**Problem to solve**
Go through the listing below and write out exactly the lines from the one that mentions "Basic information Article" through the one that mentions "社交机器人ElliQ已经从事", minus the pictures.

**Dataset excerpts**
━━━━━━━━━━━━━━━━━━━━━━━━━━━━━━
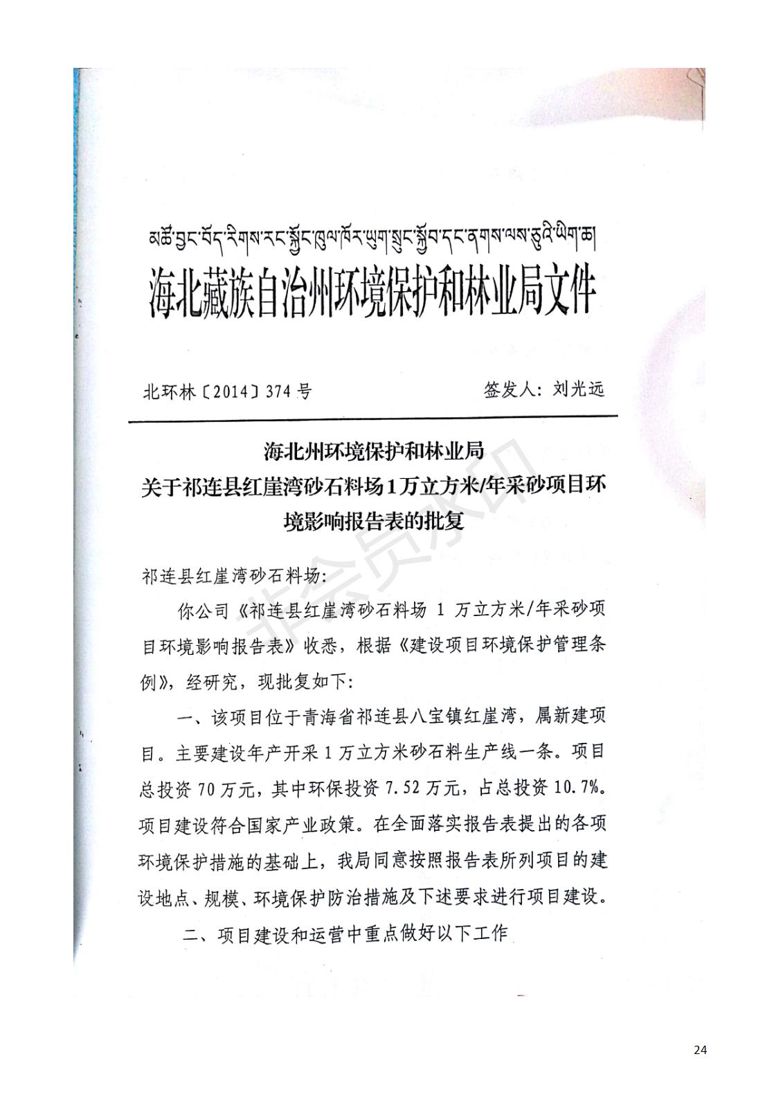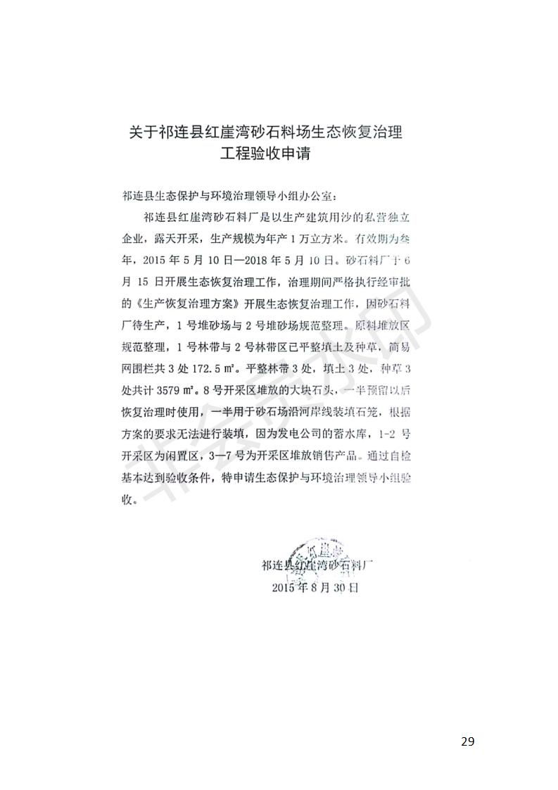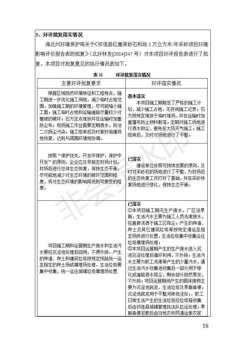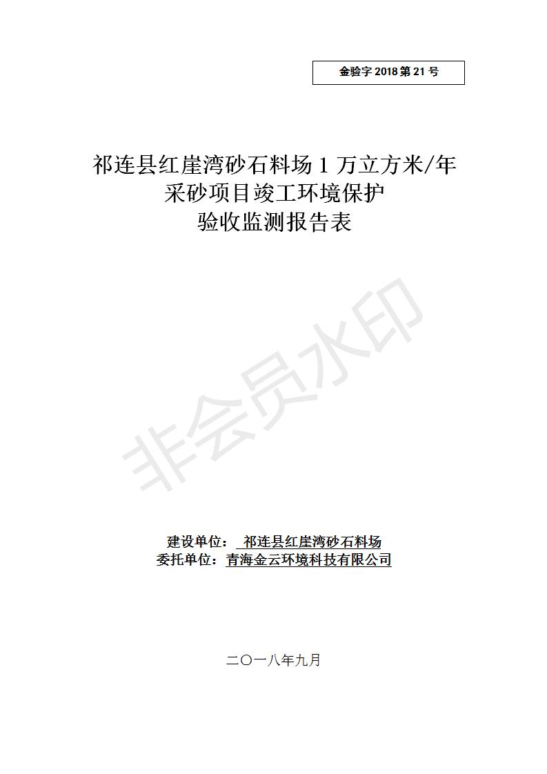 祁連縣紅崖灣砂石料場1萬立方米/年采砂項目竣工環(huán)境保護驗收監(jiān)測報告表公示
━━━━━━━━━━━━━━━━━━━━━━━━━━━━━━
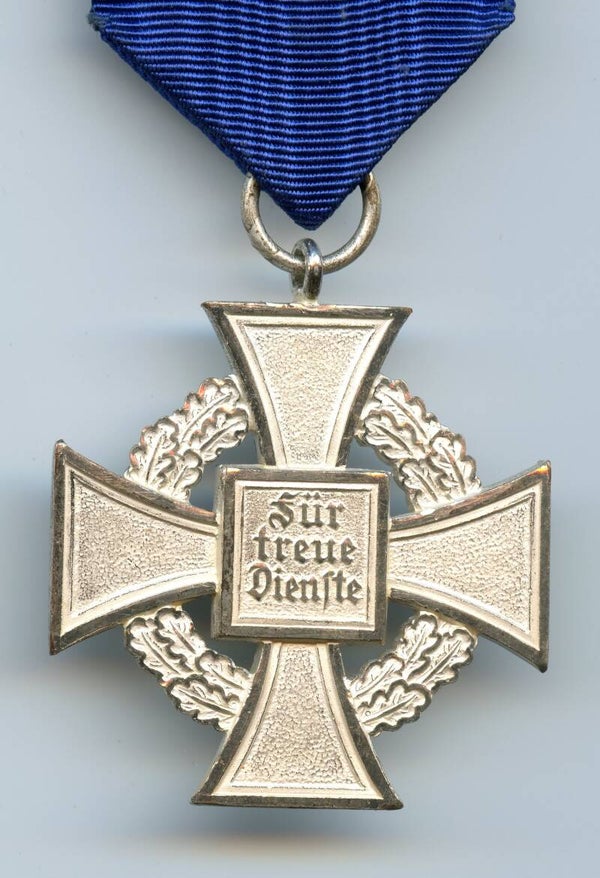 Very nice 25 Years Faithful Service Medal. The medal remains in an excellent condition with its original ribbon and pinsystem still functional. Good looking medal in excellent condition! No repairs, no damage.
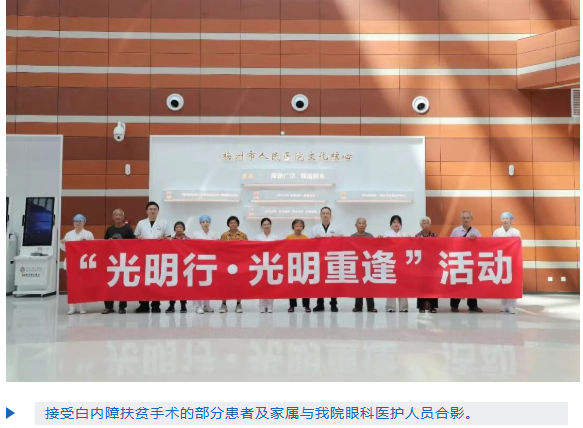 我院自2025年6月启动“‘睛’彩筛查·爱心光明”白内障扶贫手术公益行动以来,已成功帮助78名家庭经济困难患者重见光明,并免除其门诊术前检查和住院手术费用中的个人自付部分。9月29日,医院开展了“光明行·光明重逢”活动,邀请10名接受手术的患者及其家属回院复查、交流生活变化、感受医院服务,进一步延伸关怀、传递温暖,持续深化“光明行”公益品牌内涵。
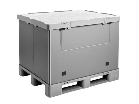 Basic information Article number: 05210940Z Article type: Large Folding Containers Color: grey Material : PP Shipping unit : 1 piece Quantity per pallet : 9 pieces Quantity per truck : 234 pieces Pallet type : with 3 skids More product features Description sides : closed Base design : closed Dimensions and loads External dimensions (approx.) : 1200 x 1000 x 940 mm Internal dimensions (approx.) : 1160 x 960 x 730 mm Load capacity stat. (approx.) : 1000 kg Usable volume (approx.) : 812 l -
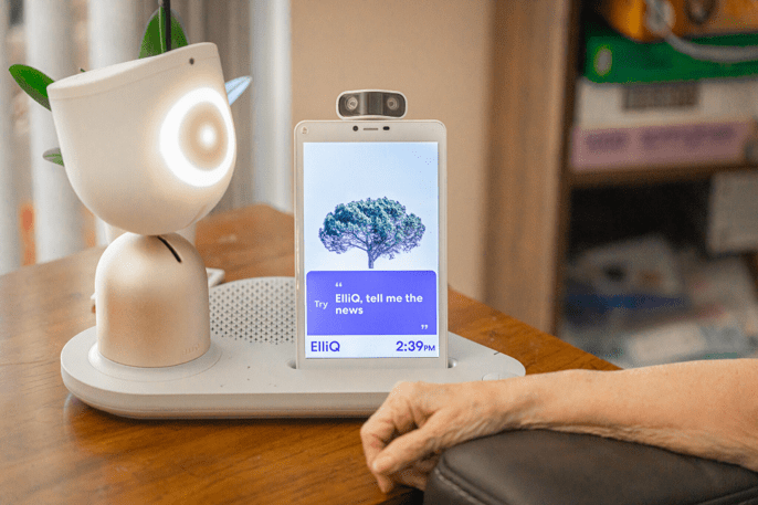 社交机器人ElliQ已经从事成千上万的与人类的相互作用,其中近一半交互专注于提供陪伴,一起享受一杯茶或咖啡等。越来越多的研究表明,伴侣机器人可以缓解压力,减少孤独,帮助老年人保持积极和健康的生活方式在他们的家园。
━━━━━━━━━━━━━━━━━━━━━━━━━━━━━━
**Exercise output**
 Basic information Article number: 05210940Z Article type: Large Folding Containers Color: grey Material : PP Shipping unit : 1 piece Quantity per pallet : 9 pieces Quantity per truck : 234 pieces Pallet type : with 3 skids More product features Description sides : closed Base design : closed Dimensions and loads External dimensions (approx.) : 1200 x 1000 x 940 mm Internal dimensions (approx.) : 1160 x 960 x 730 mm Load capacity stat. (approx.) : 1000 kg Usable volume (approx.) : 812 l -
 社交机器人ElliQ已经从事成千上万的与人类的相互作用,其中近一半交互专注于提供陪伴,一起享受一杯茶或咖啡等。越来越多的研究表明,伴侣机器人可以缓解压力,减少孤独,帮助老年人保持积极和健康的生活方式在他们的家园。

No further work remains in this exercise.